Description of the task: In the data below, find the line containing "In this study, we", then set down that line and every later line up to and including the line containing "Torneira De Cozinha", exactly.

Record excerpts:
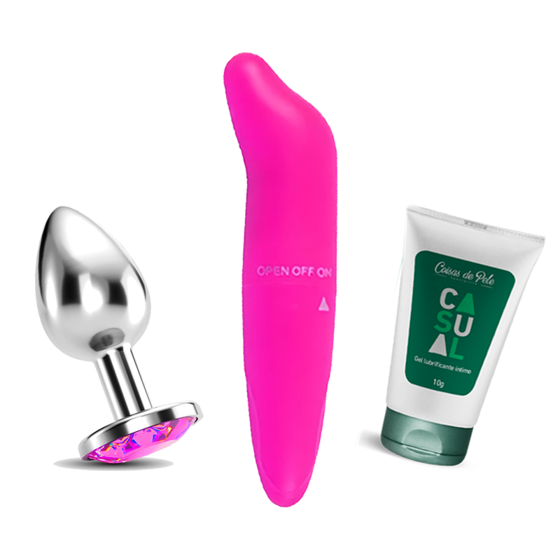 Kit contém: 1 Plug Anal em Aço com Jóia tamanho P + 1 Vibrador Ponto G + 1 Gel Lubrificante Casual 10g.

* * *

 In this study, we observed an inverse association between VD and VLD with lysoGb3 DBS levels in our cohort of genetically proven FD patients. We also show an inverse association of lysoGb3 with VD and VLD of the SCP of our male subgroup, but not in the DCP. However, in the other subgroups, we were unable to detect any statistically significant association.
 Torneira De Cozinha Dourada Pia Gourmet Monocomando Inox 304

Task solution:
 In this study, we observed an inverse association between VD and VLD with lysoGb3 DBS levels in our cohort of genetically proven FD patients. We also show an inverse association of lysoGb3 with VD and VLD of the SCP of our male subgroup, but not in the DCP. However, in the other subgroups, we were unable to detect any statistically significant association.
 Torneira De Cozinha Dourada Pia Gourmet Monocomando Inox 304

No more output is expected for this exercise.